Bad sexual etiquette: Some pointers for George Galloway

Following my recent post in response to West Mercia Police’s Safe Night Out campaign, I am wary of gaining a reputation as someone who simply goes around having lots and lots of rubbish sex. This would be reductive and untrue; I’ve had lots of good sex, too. But it’s fair to say I’ve been the participant in many a rubbish shag. What’s even worse is that it’s frequently been my fault.

When it comes to “bad sexual etiquette” I’m ashamed to admit that I’m really pushing the boundaries. Much of this is down to laziness. The truth is that I often find the whole intercourse kerfuffle just way too tiring. All those positions and whatnot – who do they think I am, Beth bloody Tweddle? I’d rather let the other person do all the work and yes, I know that’s rude (in a bad way), but that’s just how I am. I’m kind of hoping I’m sexy and seductive enough for this not to matter too much.

There are other, less passive ways in which I’ve messed up in the bedroom, manners-wise. I once dislocated a boyfriend’s shoulder while attempting bondage with a dressing gown cord. I said sorry and everything, but to be honest it was all a bit late by then.
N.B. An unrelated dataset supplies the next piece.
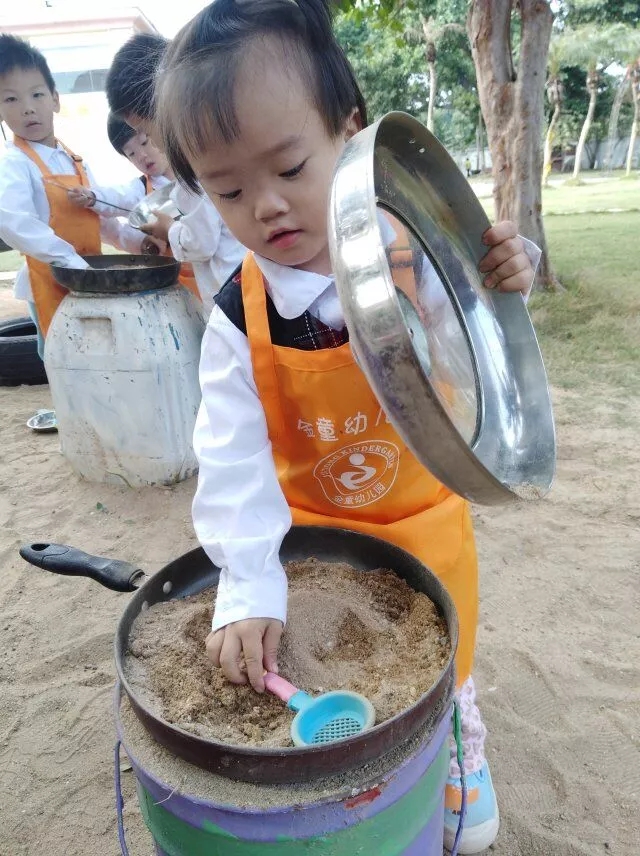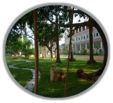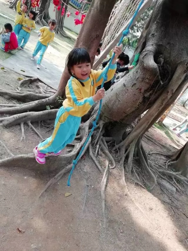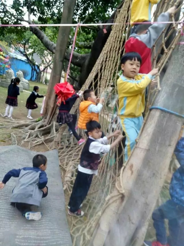 人是环境的产物,为使孩子们自然潜能得以健康生长,户外活动场地宽阔舒展,有4棵历史悠久的大榕树、儿童沙池、儿童戏水池、户外果园、有机菜园、跑道、大操场及户外森林儿童乐园;有规范的户外运动场,配置了大型室外玩具。风车艺术生态长廊、迷宫区、干湿沙区、种植区、泥巴厨房、攀爬区等。

Then there are all those times when, deep in the throes of passion, I’ve called out “Jarvis” or “Adam Ant” or “Morrissey, only back when he was fit and not a racist”. They’ve all been pretty poor, I’ll admit (although I have not, as yet, called out “Lego Han Solo”, which is good, considering). Perhaps the worst thing I have done ended in me being asked to leave a wedding, which I did, willingly, since it simply meant continuing a liaison with a Chesney Hawkes lookalike in a more private setting. I am quite ashamed of that, in retrospect. But at least he didn’t look like a member of New Kids on the Block.

One thing I have never done is had sex with another person without their consent. This is because that is rape, as clearly explained in this fantastic post from Vagendamag (it has diagrams and everything). It is a post that is so clear, even George Galloway could understand it (although he still wouldn’t be able to spell “misogynist”; sad, given that he’s such a good one).
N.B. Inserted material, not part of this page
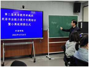 为进一步提升师范生人才培养质量,增强师范生职业基本素养,4月20日晚,beats365唯一官方网站举办第二届英语教师卓越班英语书法能力提升专题培训暨小黑板颁发仪式。beats365唯一官方网站经理张哲华、副经理胡卫卫、卓越班班主任王欢、教师教育团队教师袁昌丽以及第二届卓越班全体学员参加了本次活动,活动由胡卫卫主持。

George is confused about the fact that once you’ve had sex with a person you also retain the choice not to have sex with them ever again (I mean, I’d bloody hope so. One Chesney’s enough to last a lifetime). But according to George it’s not so clear:

I mean not everybody needs to be asked prior to each insertion. Some people believe that when you go to bed with somebody, take off your clothes, and have sex with them and then fall asleep, you’re already in the sex game with them.

No, George, you’re not. Some people might believe this, but we call such people rape apologists. We can but hope that they aren’t rapists, too (apparently George isn’t, but not because it’s wrong; it’s because it’s “really sordid”. Personally, I’ve always found “really sordid” to be quite good in relation to sex. But probably not if Galloway’s involved).
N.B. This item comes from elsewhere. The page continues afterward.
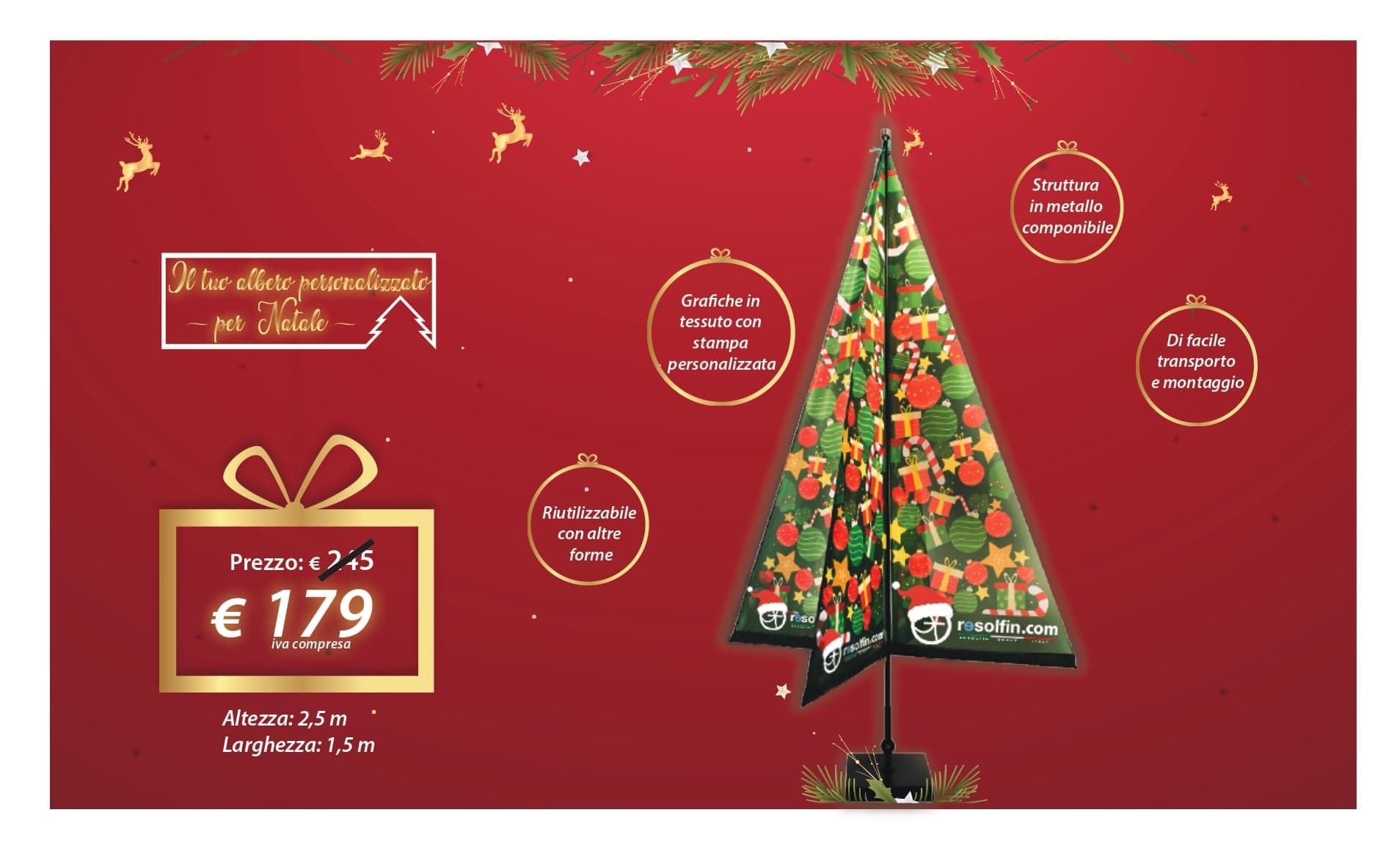 Albero di Natale totalmente personalizzabile in dimensioni, altezza, larghezza e grafica.

I realise that in writing all this I’m making myself into what Galloway would call a “useful idiot” in the whole Wikileaks saga. This is interesting, because the last time I was called a “useful idiot” was in 2003. Tony Blair used the term for people like me when we protested against the invasion of Iraq, on the basis that we simply played into the hands of people like George Galloway. We protested anyhow, fully aware that Galloway was a knob (let’s face it, it’s hard to miss). We were simply saying that the invasion of another country was wrong, just as we’re now saying that having sex with someone who isn’t consenting is rape. It isn’t complicated. You can defend Wikileaks without redefining rape. You can also protest about rape and sexual assault without conflating these things with “bad sexual etiquette”. Seriously, I know the difference. It’s a massive difference. Honestly, George, even “Chesney” would understand.